Friday, January 8, 2010

Day 29

Footprints of Death...............

Today was such a busy day, that I almost forgot to check in with myself in regard to the grief process. Today I started the day off right with prayer and scripture reading. I remembered a scripture that my Mommy used to always say, "I will bless the Lord at all times His praises shall continually be in my mouth." Now I understand why she taught me to hold on to scriptures like this because she was teaching me that despite my problems or trials to keep praising God and He will see me through. Boy was she ever right!!!!

Overall today I felt o.k. but I never got a real charge for the day because I did not have time to exercise. Oh well, I'll make it up tomorrow.

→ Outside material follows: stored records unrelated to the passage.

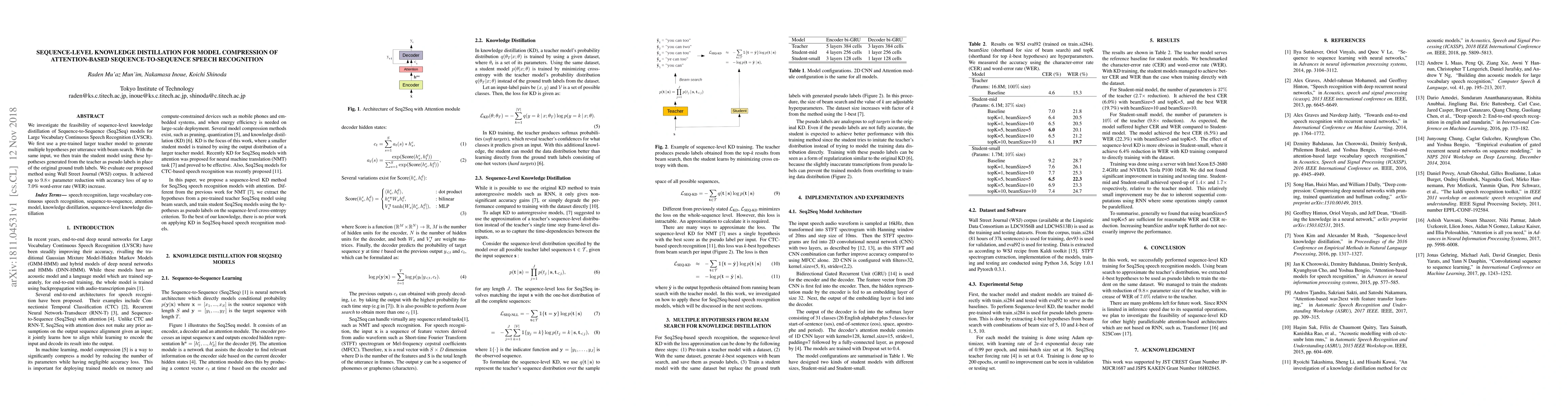 This paper explores sequence-level knowledge distillation to compress large attention-based Seq2Seq models for LVCSR, achieving up to 9.8× parameter reduction with a 7.0% WER increase using the WSJ corpus. The student model is trained with hypotheses from a pre-trained teacher model as pseudo labels.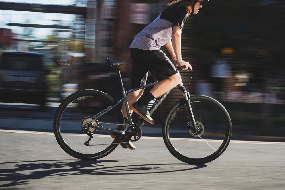 Updated flat-bar frame geometry puts the rider in a position that balances efficiency with stability, and disc brakes give you added control on rugged roads or dirt.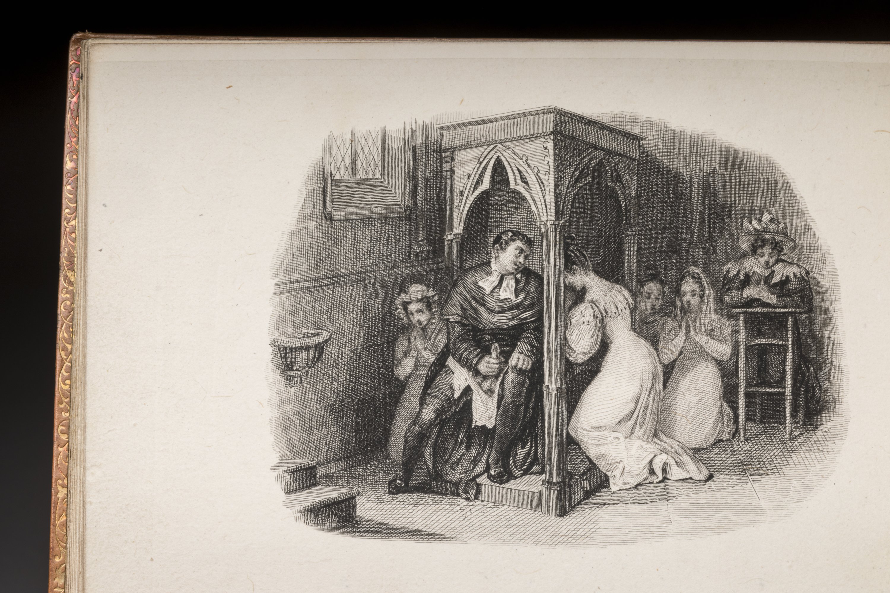 3 volumes in-12 à l'italienne (95 X 135 mm), chacun de 26 pages en comprenant le titre, chacun illustré de 12 lithographies hors-texte protégées par des serpentes de Chine. Plein veau glacé blond ; encadrement de 3 filets droits avec fleurons d'angle. Toutes tranches dorées. Fine reliure de la seconde partie du XIXe siècle.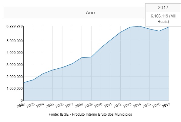 Em 15 anos, o PIB do município passou de cerca de R$ 1,5 bilhão (em 2002) para R$ 6,1 bilhões em bens e serviços produzidos, no último ano do estudo. Esse valor representa 0,65% do PIB de toda a região região.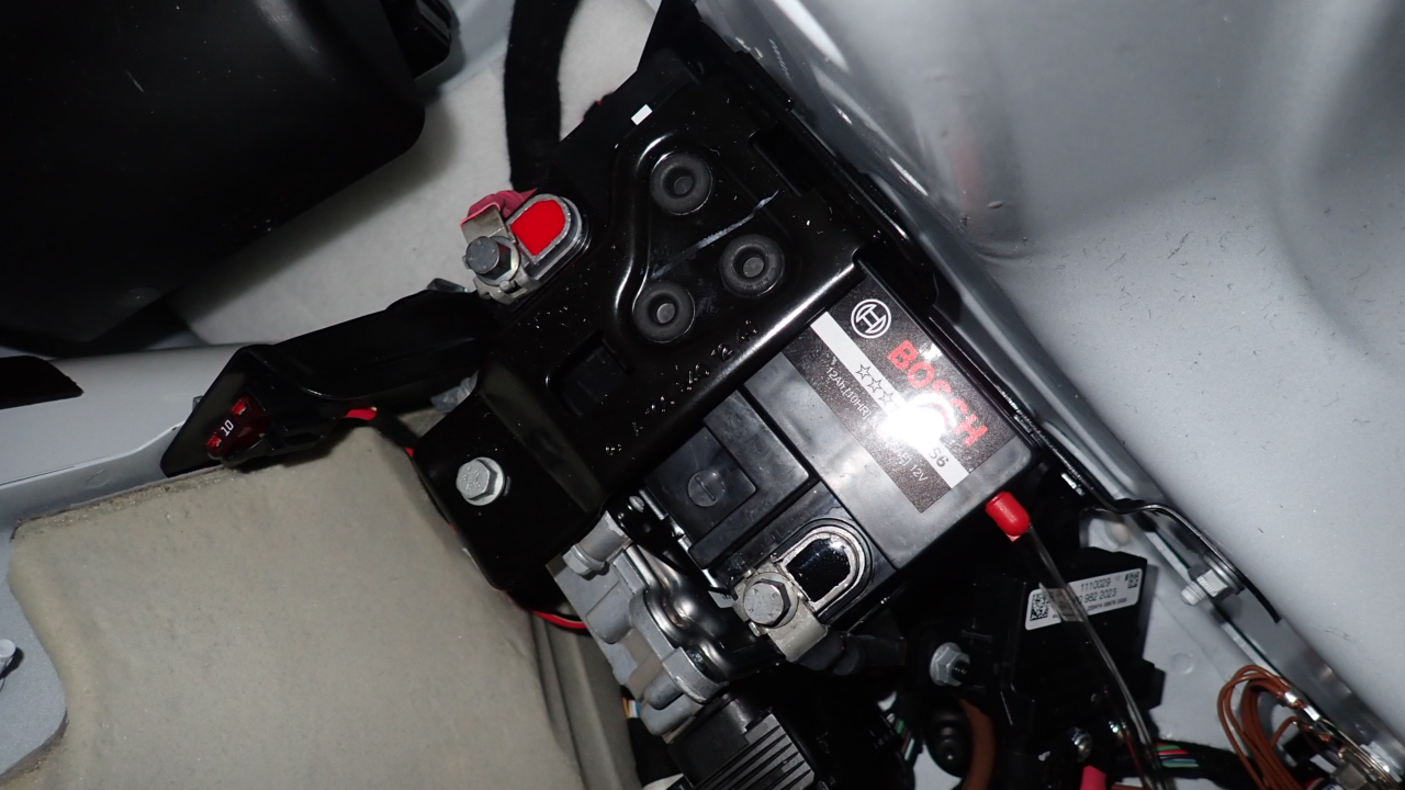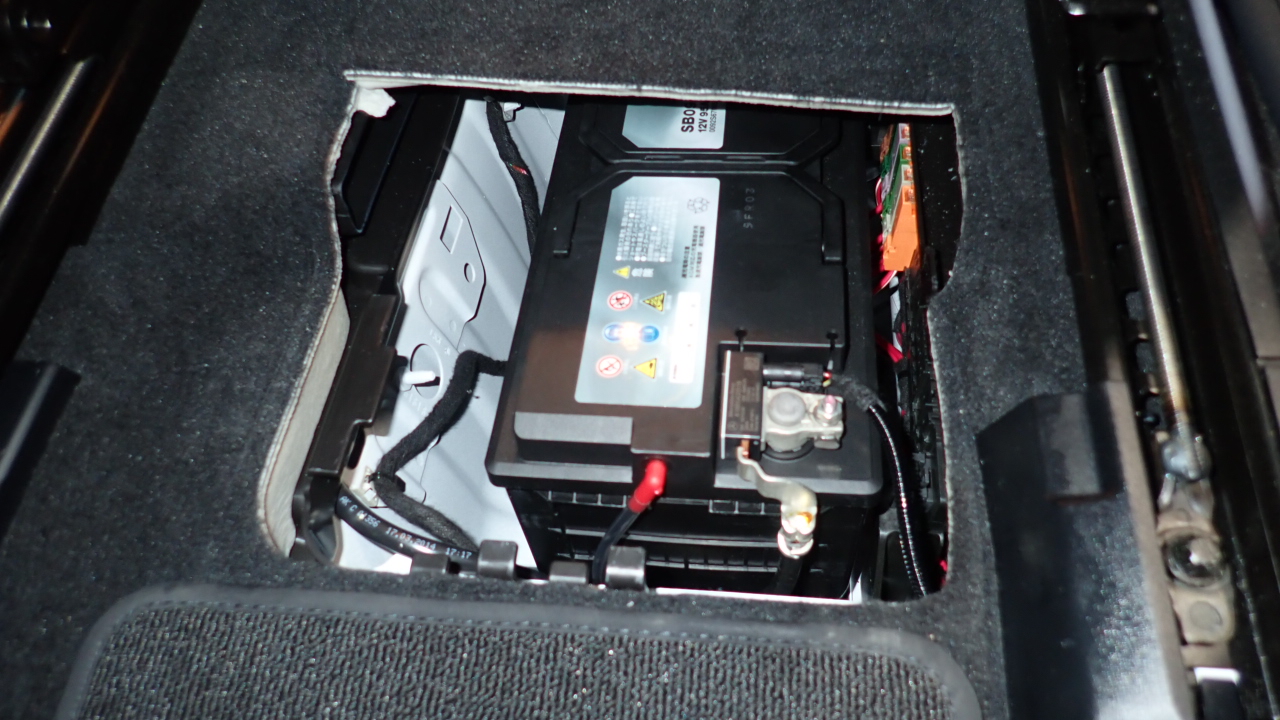 スターターバッテリーです。運転席のシート下に搭載されています。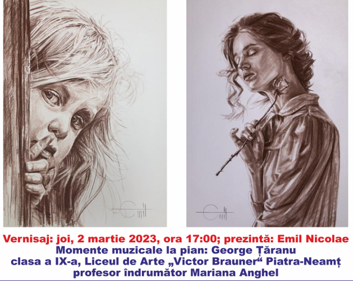 Vernisajul va avea loc joi, 2 martie, de la ora 17:00, iar prezentarea va fi făcută de Emil Nicolae. Evenimentul va fi presărat cu momente muzicale la pian, susținute de George Țăranu, elev în clasa a IX-a la Liceul de Arte „Victor Brauner“ Piatra-Neamț, care o are ca profesoară îndrumătoare pe Mariana Anghel. Acesta va interpreta Preludiu și Fuga nr. 14 de J.S. Bach și Balada nr. 3 de Fr. Chopin.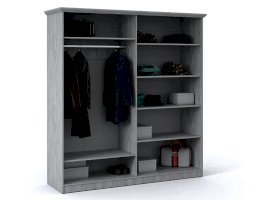 Распашной четырехдверный шкаф выполнен в популярном стиле неоклассика – белые рамочные фасады с фактурой и рисунком натурального дерева, декоративные крестообразные накладки, фигурные ножки и карниз все это придает комнате элегантный и светлый вид. Вместительные отделения со штангой и полками поместит в себя верхнюю одежду, коробки с обувью и головные уборы. Мебель выполнена из экологичных материалов.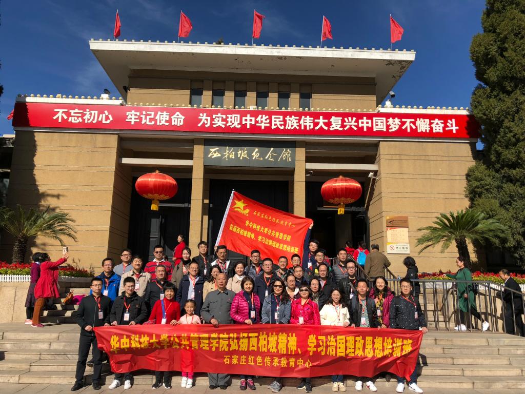 为了深入学习贯彻党的十九大精神,在实践中领悟习近平总书记的治国理政思想,弘扬爱国主义精神,公共管理学院师生党员、积极分子及无党派人士于10月26日-10月28日前往石家庄西柏坡、正定和保定等地开展红色实践教育活动。
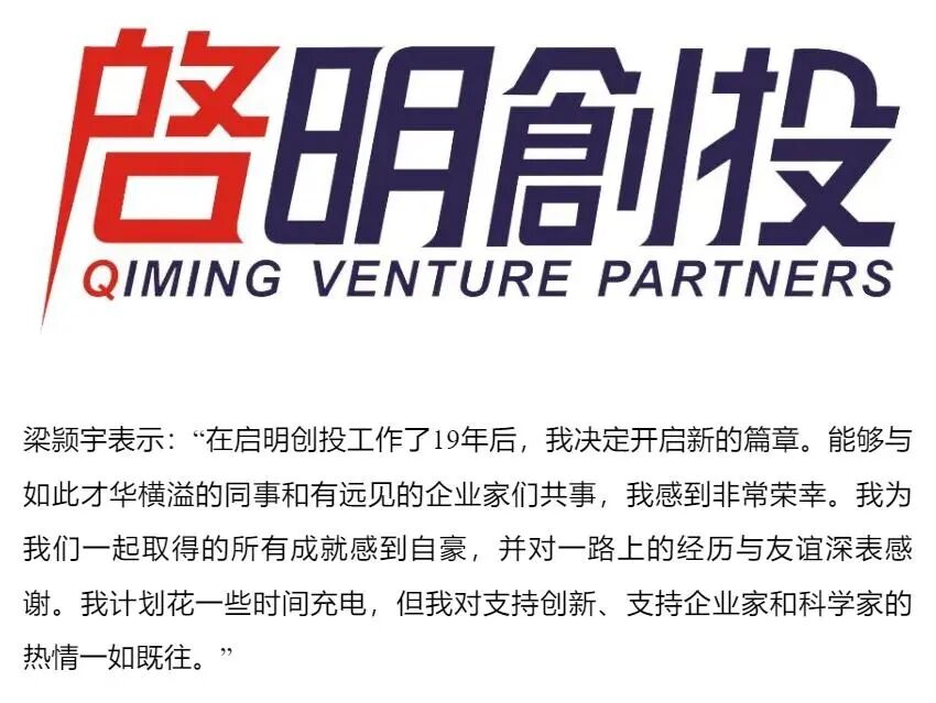2月17日,头部创业投资机构启明创投公众号发文显示,长期担任主管合伙人的梁颕宇已正式离职。梁颕宇曾在启明创投工作达19年,此前为该机构五位主管合伙人之一,主要领导启明创投在医疗健康领域的投资。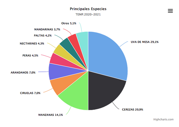拉丁美洲是该国苹果的主要市场(占总数的55.9%)。欧洲是梨(占总数的54%)和鳄梨(占总数的74.5%)的主要目的地。
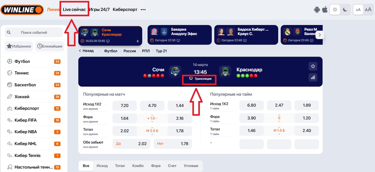 В приложениях и на сайтах БК все игры с прямым эфиром собирают в разделе Live. События с видеотрансляцией помечают значком «Play» или «Видео».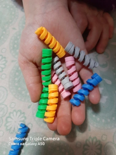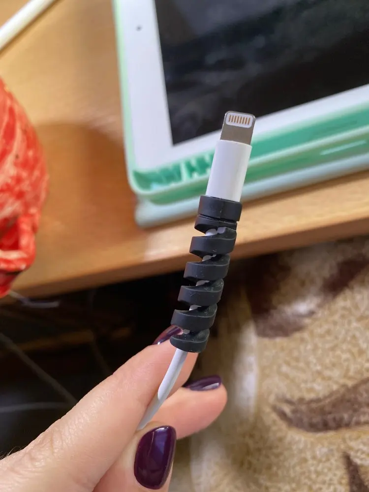 Отличная вещь! Покупаю уже второй раз и себе и на подарки друзьям, отличная защита кабеля, легко надеваются, я очень довольна! Многие спрашивают где взяла) Мне так надоело покупать новые зарядки для телефона, потому что ломаются в определенных местах. Эти штучки решают эту проблему. вещь полезная. Рекомендую к покупке.
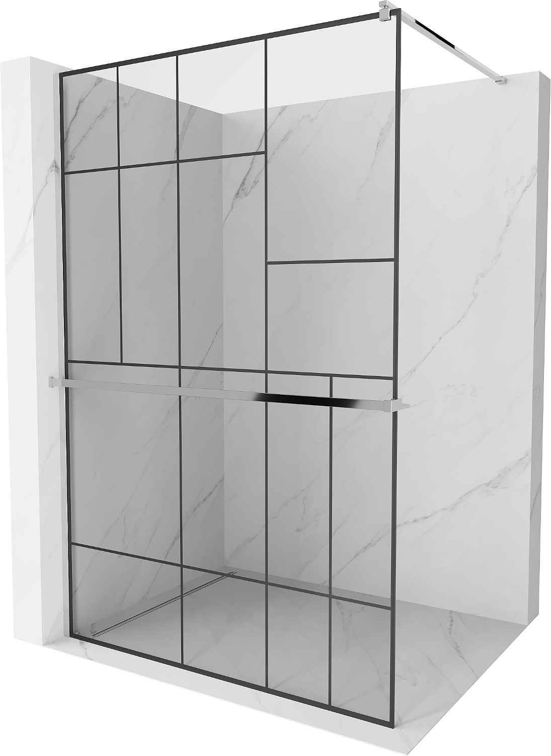 Mexen Kioto+ panel de ducha con estante Walk-in 110 x 200 cm, diseño negro, cromo - 800-110-121-01-78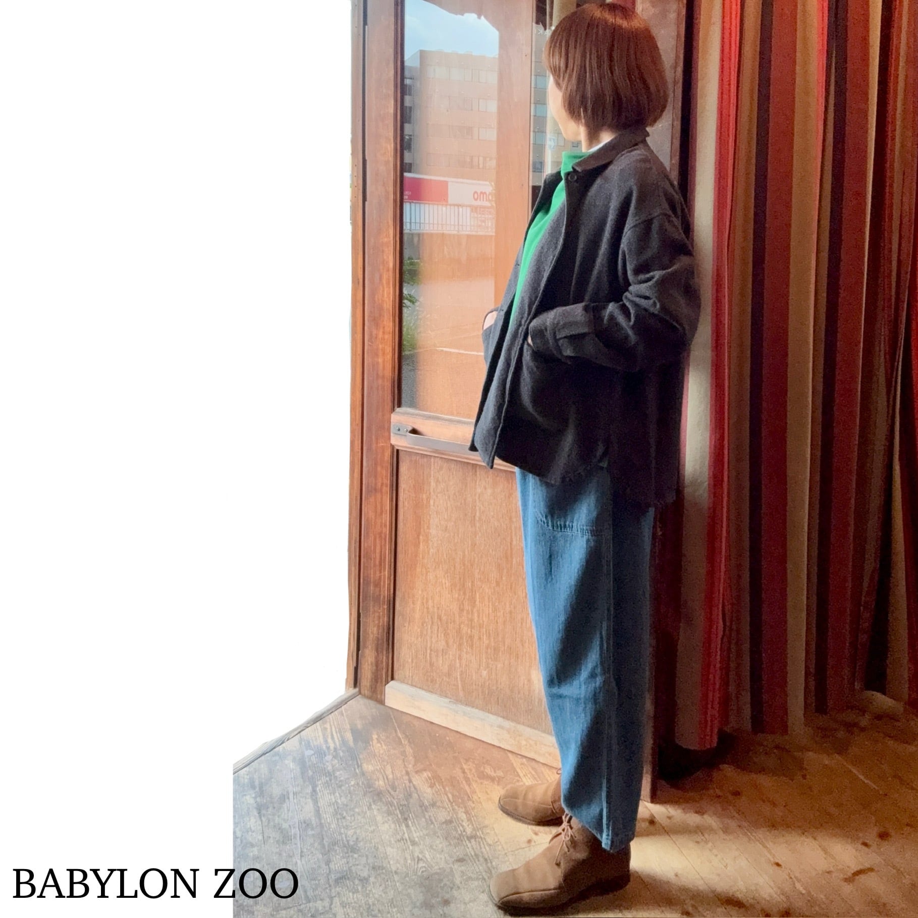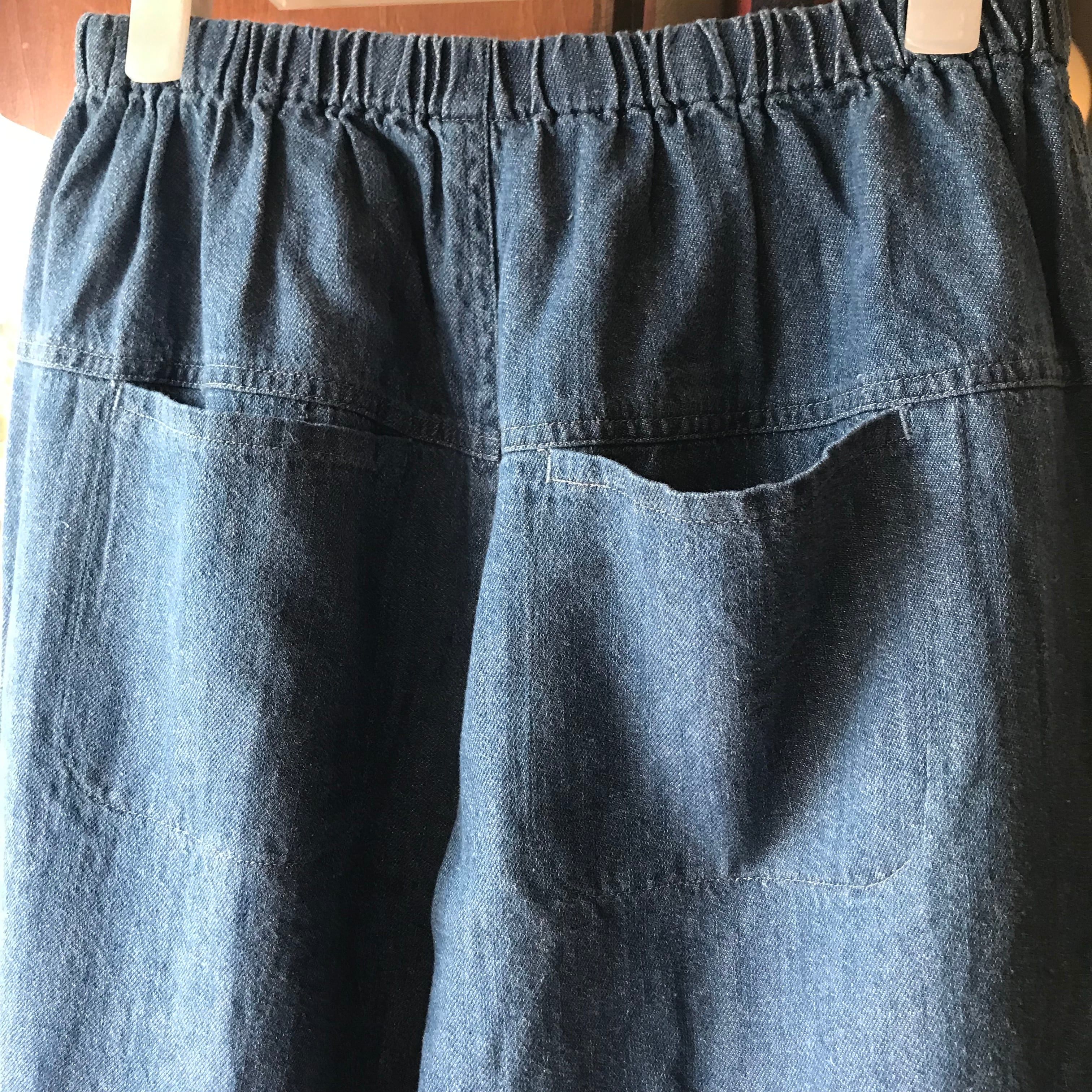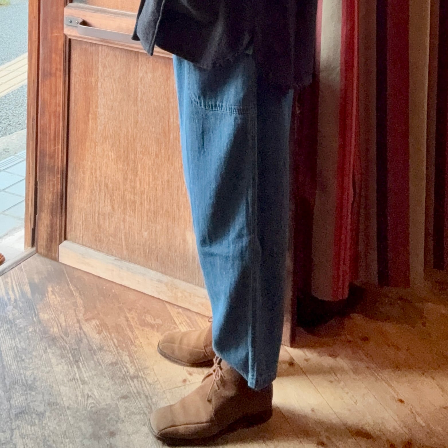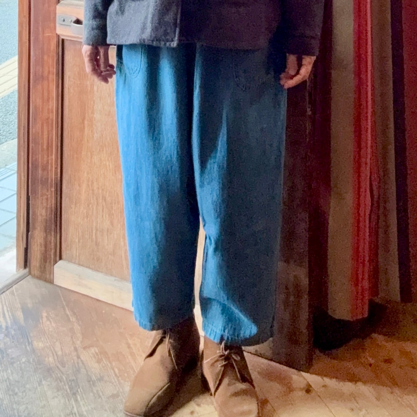 コットンリネン素材のデニムで、製品洗い加工を施して柔らかな風合いに仕上げてあります。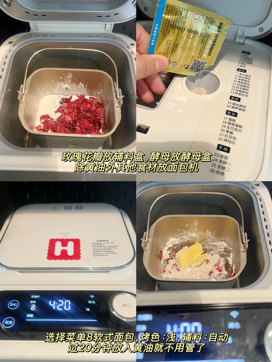 1️⃣玫瑰花瓣放辅料盒,酵母放酵母盒,除黄油外其他食材放面包机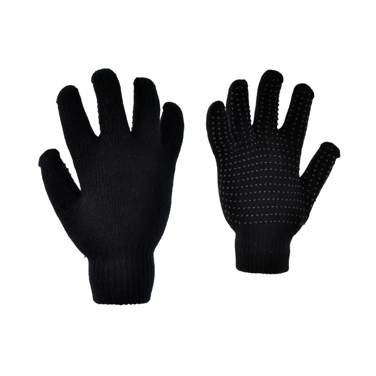 Trio de gants en tricot acrylique, disposant d’une paume recouverte de points de PVC favorisant l’adhérence et d’un poignet en tricot élastique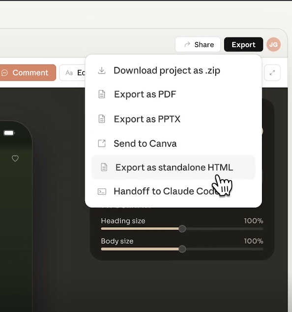 设计稿做完了,一键打包成handoff bundle(交接包),直接送到Claude Code实现。从设计到可运行的代码,中间没有任何人工环节。

I have to remind myself why I am writing in this blog everyday. I am blogging because I want to deal with my grief so that my grief does not deal with me by manifesting itself in my body and mind and making me ill. So, here's the BAADD (5 stages of grief) process for the day.

Bargaining- Not at all
Acceptance - Fully accepted.
Anger - Yes!
Denial - Not at all, just unbelief that my parents are gone.
Depression -Fighting my way out.

Because life is short, remember to laugh, live, and love intentionally and always. I thank God for letting me see another day......that's the amazing part of life to me because when I awake I receive a new mercy everyday.